YOUR OBJECTIVE: Your answer should hold exactly the lines below from the line with "1.将所有原材料(除了法式老" through the line with "- 기존 GFS(공유", both included, and no pictures at all.

PROVIDED DATA:
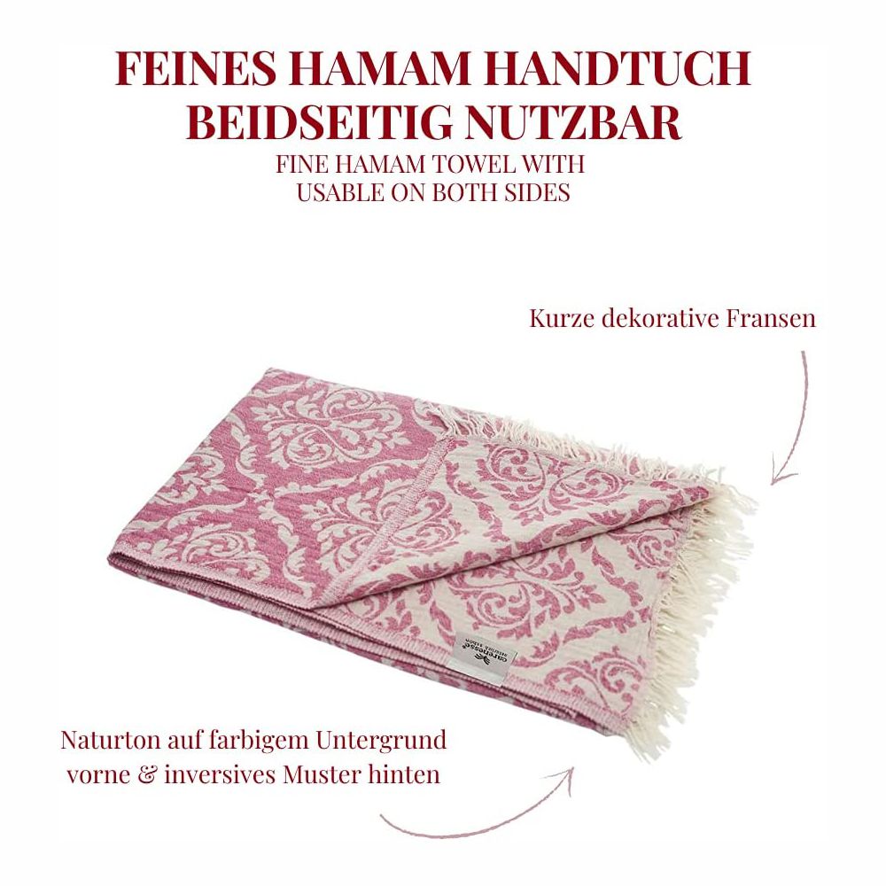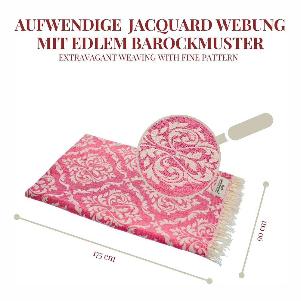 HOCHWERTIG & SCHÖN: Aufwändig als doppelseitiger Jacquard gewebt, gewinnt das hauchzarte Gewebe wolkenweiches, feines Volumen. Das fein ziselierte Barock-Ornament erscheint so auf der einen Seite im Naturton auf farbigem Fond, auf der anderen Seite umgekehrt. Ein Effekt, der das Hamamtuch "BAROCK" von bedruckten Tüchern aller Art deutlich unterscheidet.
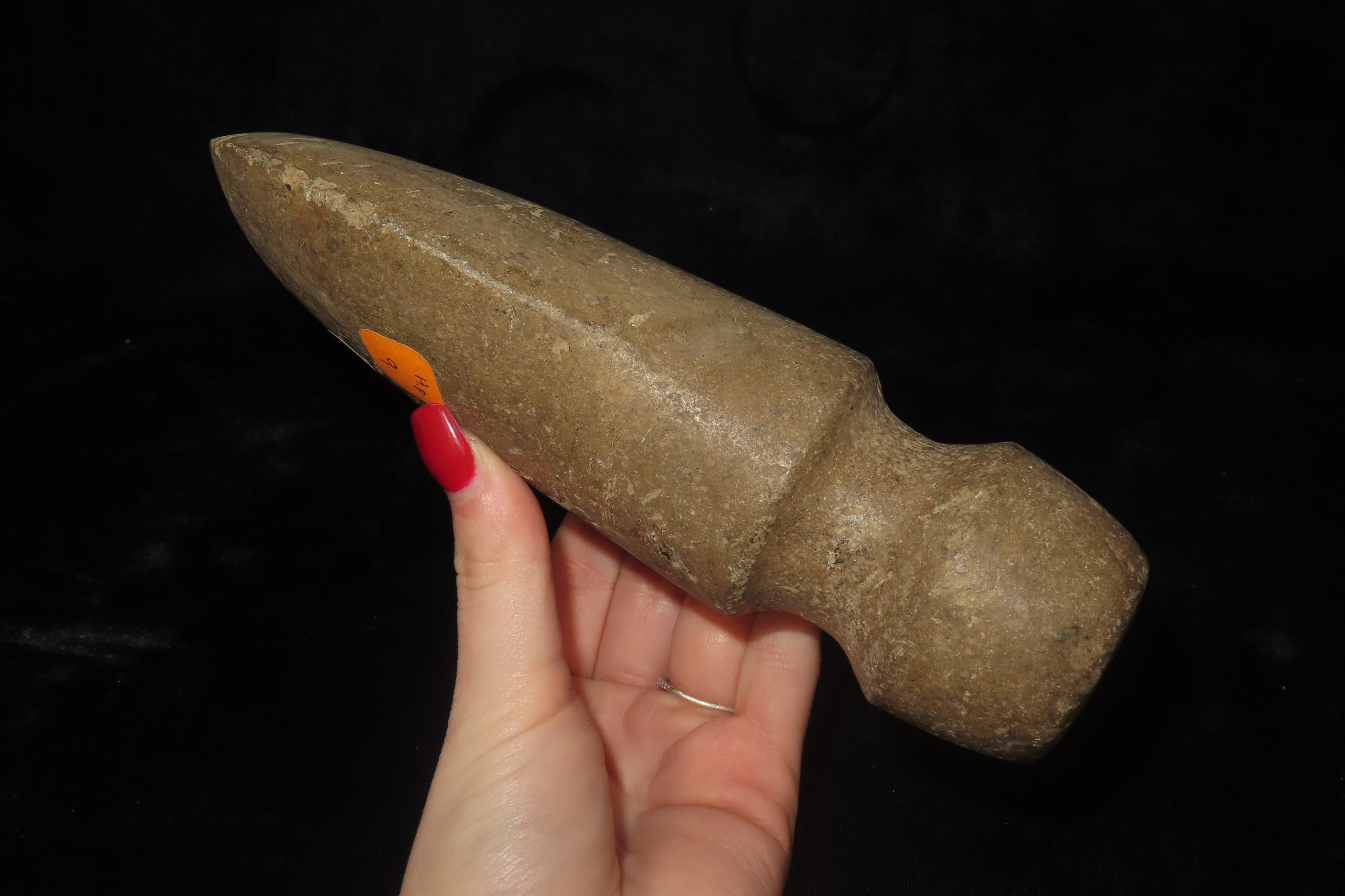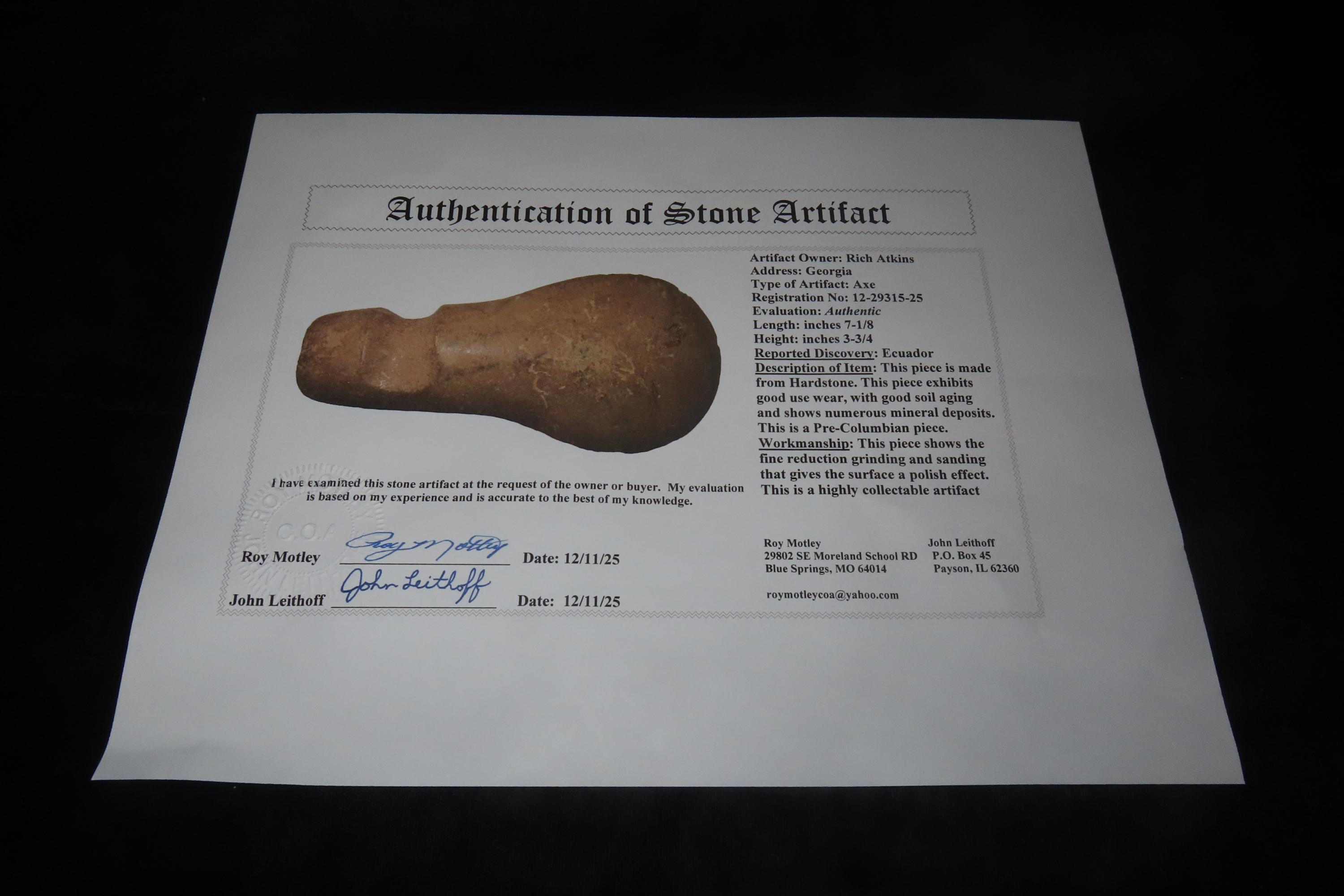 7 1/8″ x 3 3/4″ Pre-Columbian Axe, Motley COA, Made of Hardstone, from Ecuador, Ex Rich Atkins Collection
* * *
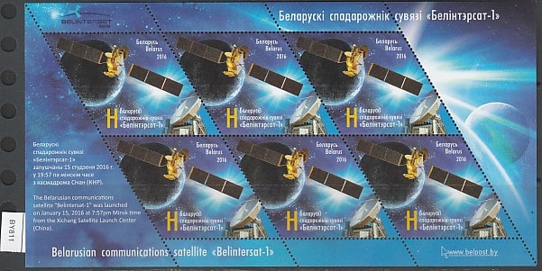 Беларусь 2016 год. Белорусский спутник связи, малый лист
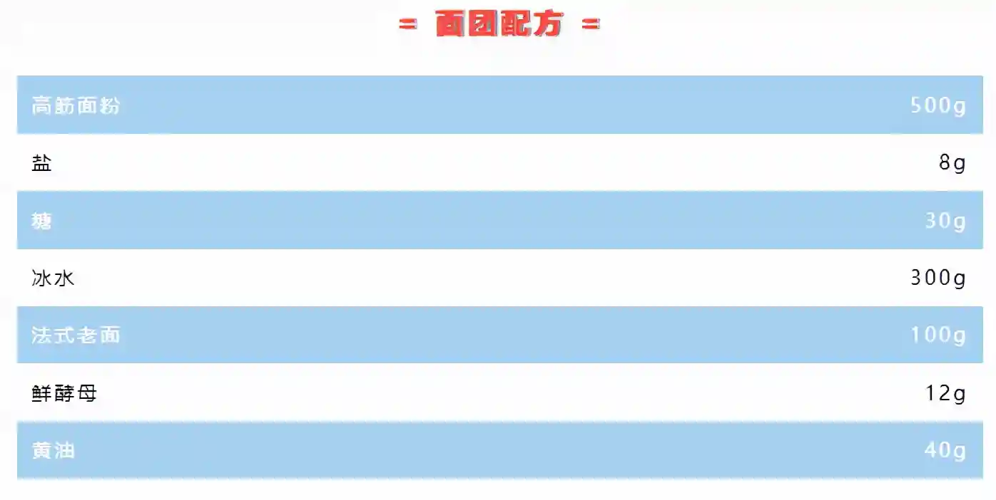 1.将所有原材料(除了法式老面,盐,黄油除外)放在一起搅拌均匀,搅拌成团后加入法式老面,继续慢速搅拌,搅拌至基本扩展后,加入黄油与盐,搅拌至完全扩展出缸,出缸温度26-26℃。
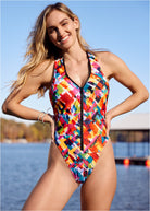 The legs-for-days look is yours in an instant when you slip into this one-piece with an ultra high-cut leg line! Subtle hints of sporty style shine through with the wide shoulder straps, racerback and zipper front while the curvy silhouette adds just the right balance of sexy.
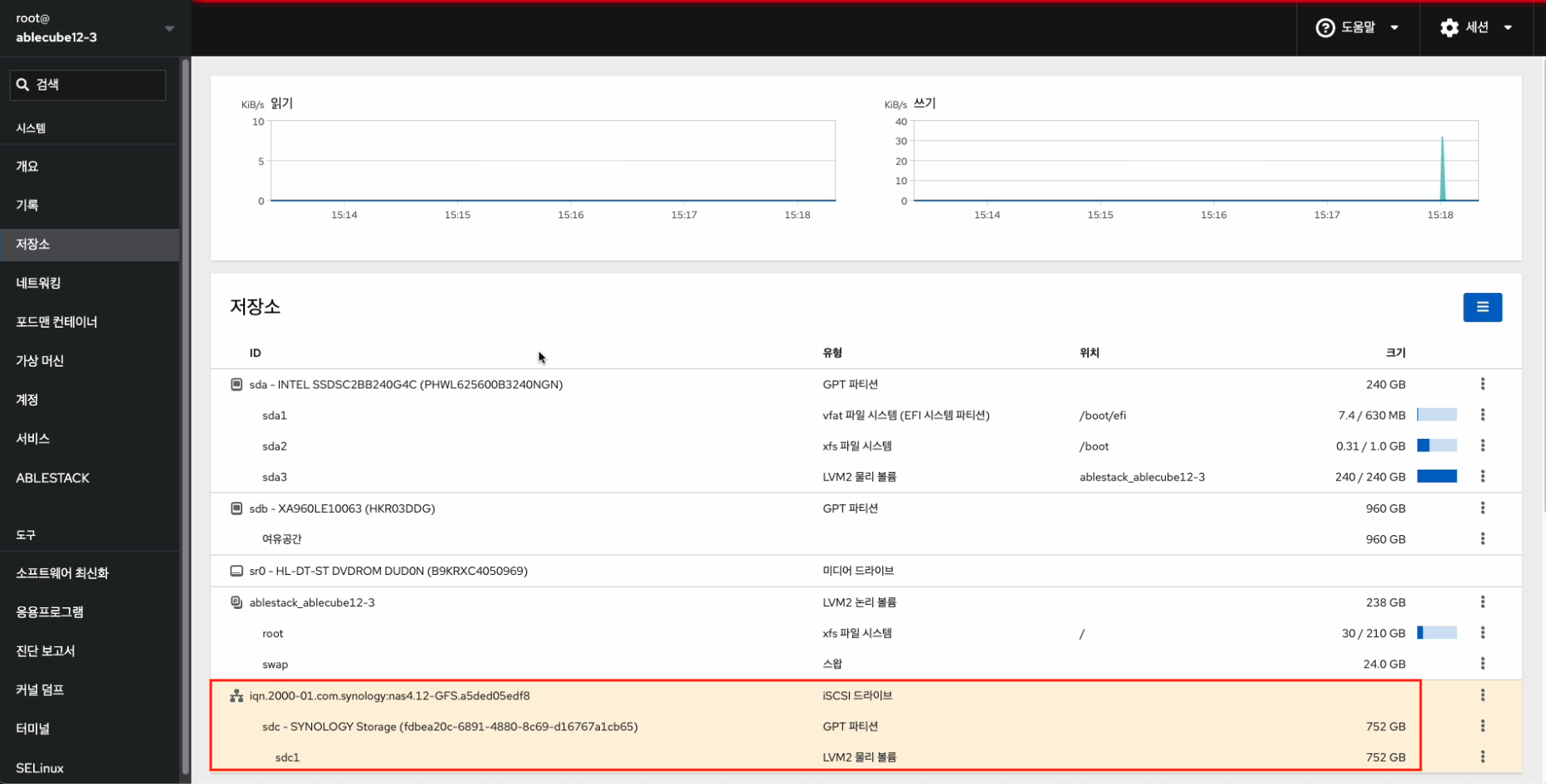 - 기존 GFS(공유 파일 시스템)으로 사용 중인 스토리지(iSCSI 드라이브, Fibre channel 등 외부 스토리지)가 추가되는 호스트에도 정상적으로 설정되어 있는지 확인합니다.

ANSWER BELOW:
 1.将所有原材料(除了法式老面,盐,黄油除外)放在一起搅拌均匀,搅拌成团后加入法式老面,继续慢速搅拌,搅拌至基本扩展后,加入黄油与盐,搅拌至完全扩展出缸,出缸温度26-26℃。
 The legs-for-days look is yours in an instant when you slip into this one-piece with an ultra high-cut leg line! Subtle hints of sporty style shine through with the wide shoulder straps, racerback and zipper front while the curvy silhouette adds just the right balance of sexy.
 - 기존 GFS(공유 파일 시스템)으로 사용 중인 스토리지(iSCSI 드라이브, Fibre channel 등 외부 스토리지)가 추가되는 호스트에도 정상적으로 설정되어 있는지 확인합니다.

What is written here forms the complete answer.